So, apart from sofas, what else are our random visitors looking for? By far the commonest search string turns out to be gay doha, not something I was pitching for, but hey, if they spend their money...

Aliens land in Doha

Reported sightings near the Corniche of giant brown ants or large sea-crabs (descriptions vary) have been under investigation for some weeks. Perhaps coincidentally, these sightings follow a discredited claim from a Stufital customer to have seen a bright object in the shape of an octopus hovering somewhere over Mushereib. However, this appears to have been the full moon through the bottom of an empty Jack Daniels glass.
But events took a new turn last night when a Paranormal regular, Rank Badjin, was wakened at 3 a.m. by a weird pulsing sound. Crawling out of the fountain, he was just in time to catch a glimpse of the last of these scuttling beasties before it boarded a greenish landing pod, which then took off without delay. Almost silently, said Badjin.

On the Breaking of Bonds

What's best about living abroad is the range and change of people we meet. It's a truism that every lost soul at the bar has a story to tell. That applies every bit as much in the local back home as it does in Stufital or Paranormal. The difference is in the stories, which tend to be more extreme, adventurous or simply bizarre among ex-pats. I suppose it's to be expected that people who have deliberately exchanged the familiar for the unknown might typically rank higher on the eccentricity scale.
Only last night, I overheard an attempted conversation between a Spanish expert on English porcelain and an English authority on the history of Flamenco. The English aficionado spoke no Spanish save for the names of cantaores and tocadores. The limit of the Spanish antiquarian's English seemed to be a few well-connected towns: Royal Worcester and Doulton, Crown Derby. West Ham and Fulham never got a look-in! It's just conceivable that a similar conversation could break out spontaneously somewhere in the Vale of Evesham, but I wouldn't bet on it. Not where the norm is:
'Ave you seen Jeff? - Jeff? - Jeff, ar. - Old Jeff? - Old Jeff, ar. - A'nt he passed away? - Passed away? - Passed away, ar.
There is, unfortunately a down side to the crazy parade that is ex-pat life. And that is when people who have become good friends disappear from our lives. With or without warning, it's equally tough when you're having that last pint together.
And you say- safe journey then.
And you say- we'll meet for a beer when this contract's over.
And you know you won't.
And you don't.

The King is Dead


The King of Fashion and, just along the street, the King of Shoes, are no more. Casualties of the Heart of Doha project, these venerable emporia have gone the way of the dodo, in the path of the slum-hungry bulldozers. A shame, really. No doubt a shop or two will feature in the new Heart, but will they have doors to the street? Will they have brash, friendly names? And most of all, will they sell affordable things that normal people need to buy? Or will they be upmarket designer boutiques, vying in sycophantic competition for the favours of the spoilt? Sometimes I wish I didn't know the answers to my own questions.

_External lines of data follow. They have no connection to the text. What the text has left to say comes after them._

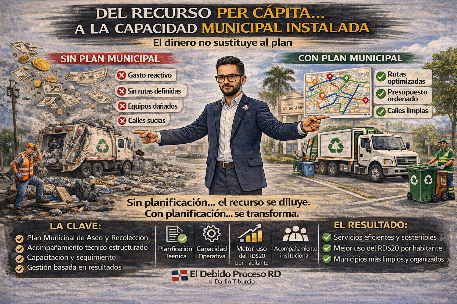 La asignación de veinte pesos por habitante representa una oportunidad concreta para los gobiernos locales, pero su aprovechamiento efectivo depende de una condición que no puede seguir siendo tratada como secundaria: la existencia de un Plan Municipal de Aseo y Recolección de Desechos Sólidos formulado, instaurado y operativamente vigente. Sin ese instrumento, el recurso per cápita pierde capacidad transformadora y se diluye en gasto reactivo, sin impacto estructural ni sostenibilidad en el tiempo.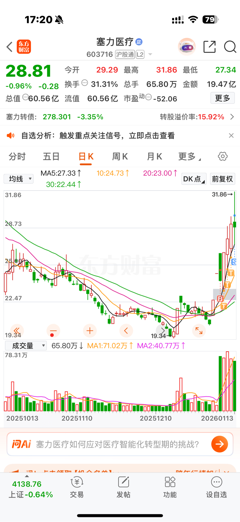 $塞力医疗(SH603716)$ 一看龙虎榜,全是家人们啊,成功逃顶,嘿嘿,赚了不多也就30几个点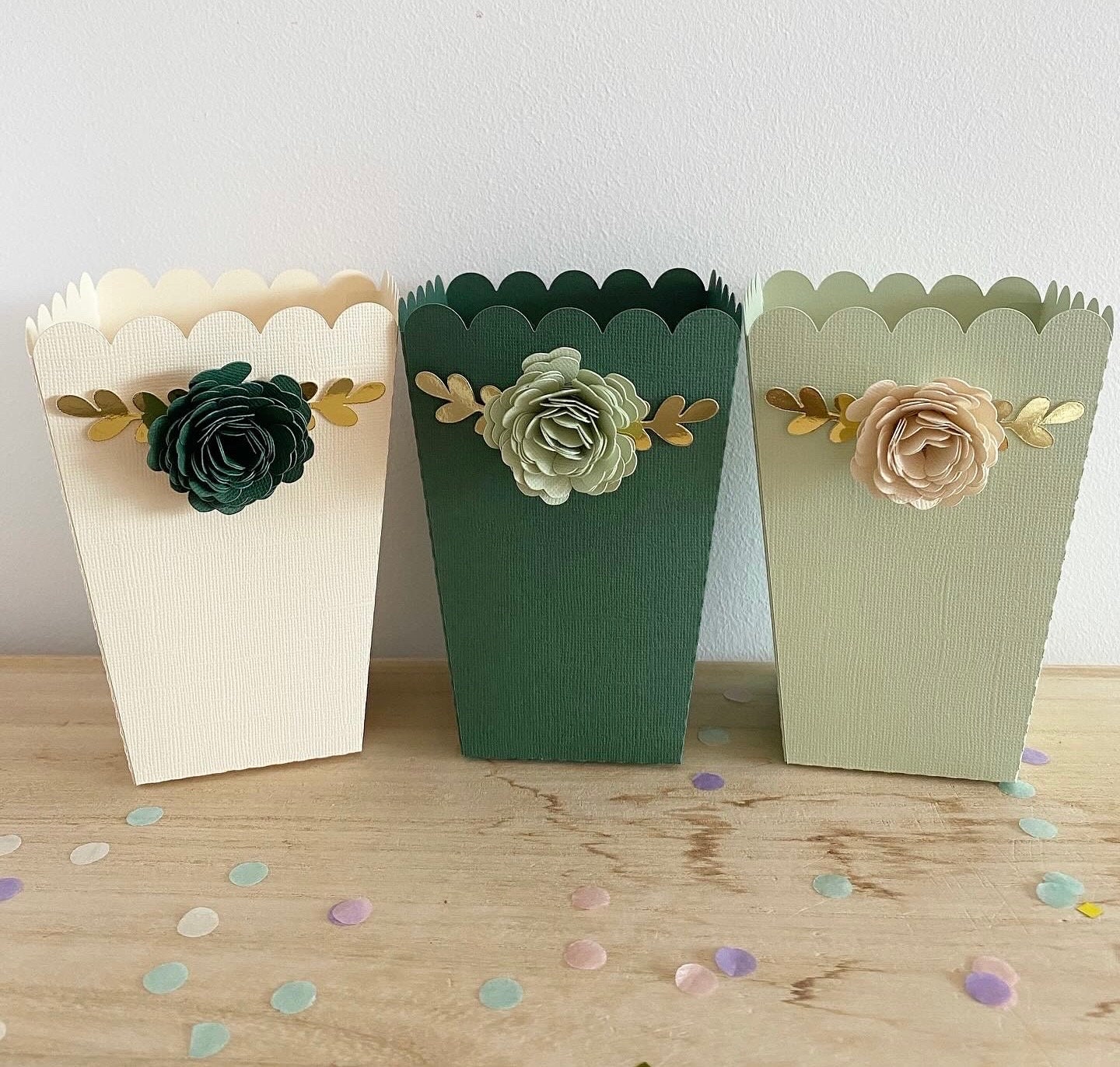 Lovely handmade popcorn treat boxes, ideal to use to put little treats in in weddings, baby showers,...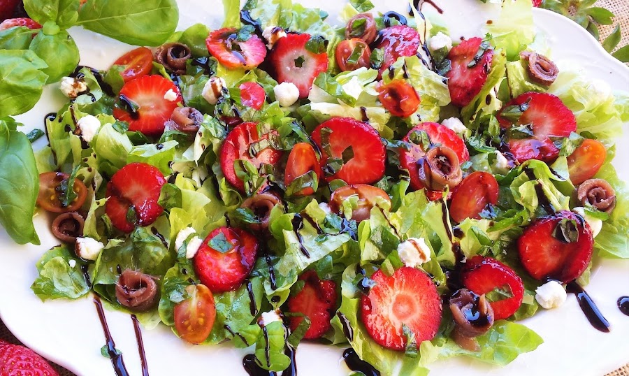 Ensalada de fresas y brotes tiernos con anchoas, queso de cabra y albahaca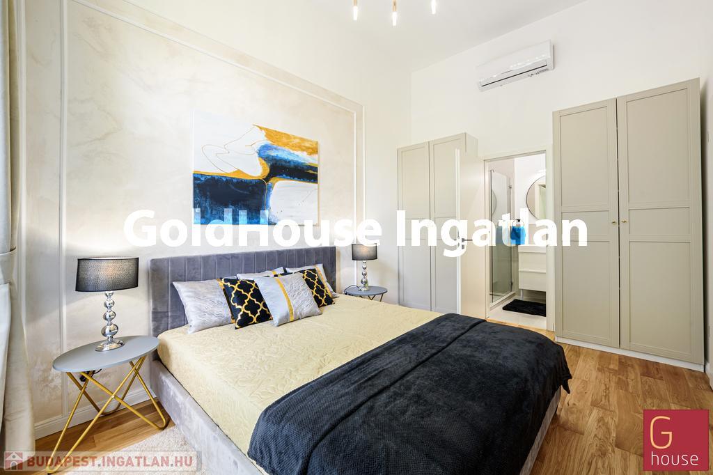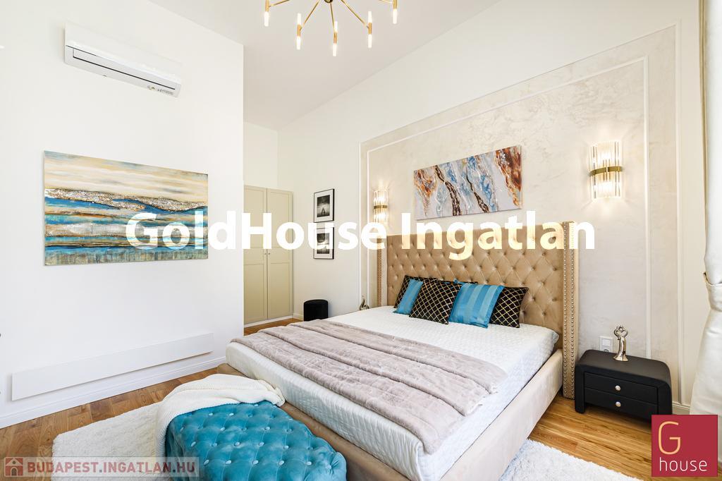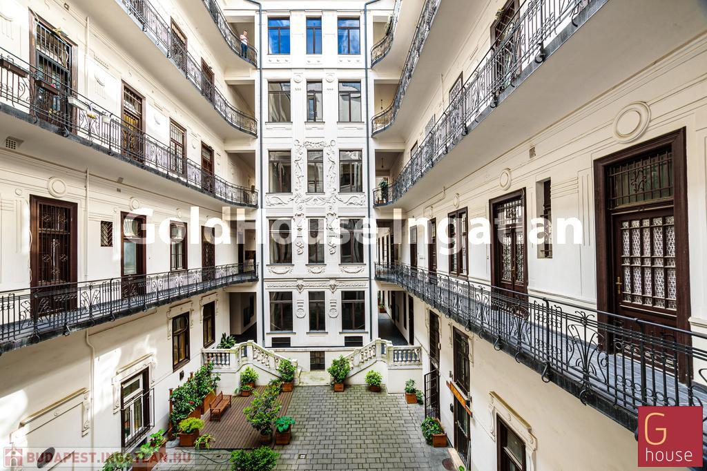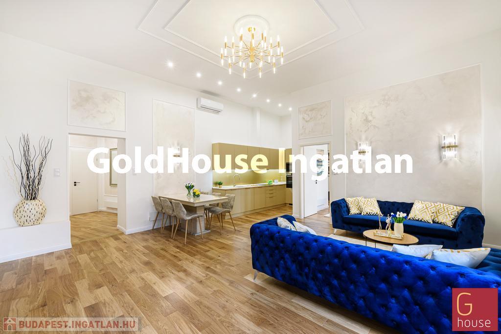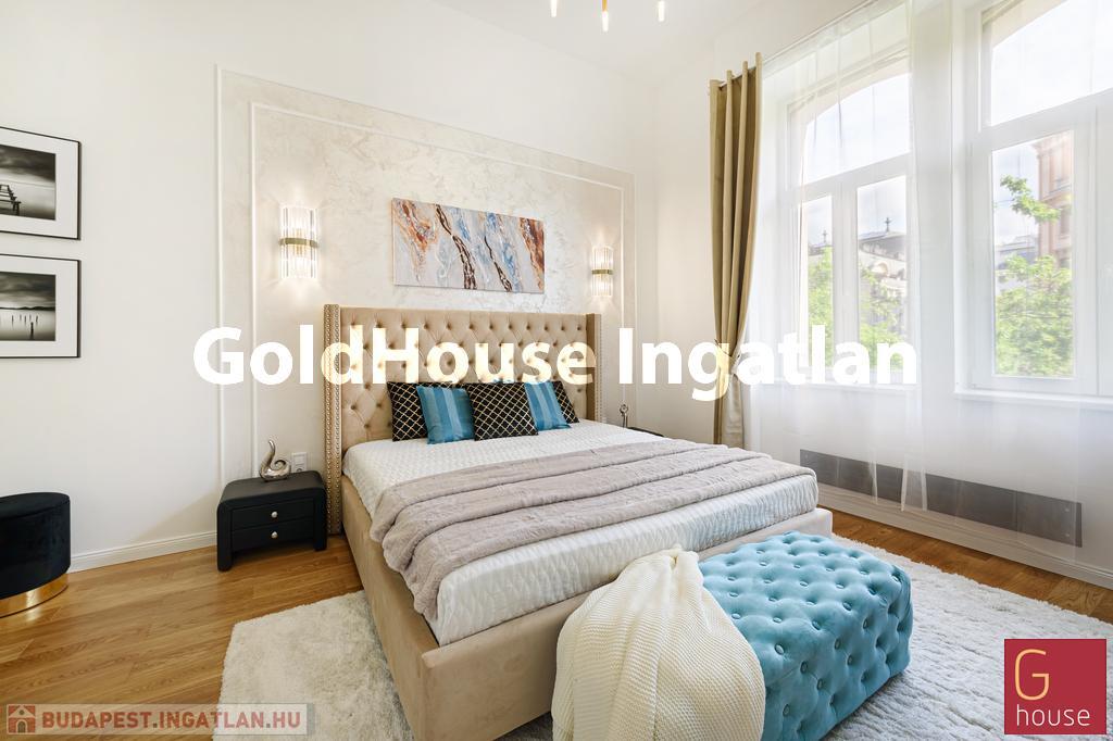 Az ingatlan belsőépítész által egyedi design megoldások alkalmazásával átépített belvárosi, nagypolgári, nagy belmagasságú 3.5 szobás (1 nappali, 3 külön bejáratú hálószoba) amerikai konyhás, 2 fürdőszobás, klimatizált, cirkófűtéses lakás.

Muntazah, Maya and the Mad Dash Home

In 2002, I celebrated my 50th birthday on the 25th floor of a tower block on Shaikh Zayed Road. It wasn't my party. In fact it was an unlikely annual event to mark Finnish Independence Day and Burns Night (of which it was neither). I remember thinking it was a strange place for a 'Westie Coastie' Scottish kid to have ended up. After all, my brother and I had accepted, 45 years previously, that we'd probably never get the chance to fly in an aeroplane. That's just for very rich people, we said. Times change.
Now, seven years on, to the day, my vantage point is considerably lower - a first floor apartment in Muntazah, Doha, and suddenly I'm struck with another thought. Under Qatari employment law, if I choose to stay here, I've got exactly three years left, and given the rate at which my seven years in the Gulf have shot past, these three years are going to feel like half an hour.
And then what? Fifteen days retirement, of course. Because as we all know, the World is going to end on December 21, 2012. My life savings might just cover 15 days.

Who moved my Cheese?

Now that all the great and good bloggers, journalists, reporters and general pundits have wrung every last drop of spin from Dubai's little local difficulty, the time is right for a considered and serious evaluation from the intellectual wasteland that is the Paranormal Hotel. Anyone who saw it coming must have realised they couldn't do anything about it except talk, so no change there. Anyone who didn't see it coming probably isn't mentally equipped to decide to do anything different anyway, so again, no change there. All of which boils down to business as usual - doing things that don't need to be done for people who don't know if a thing is well or badly done, with the possible exception of the steaks on their dinner plates.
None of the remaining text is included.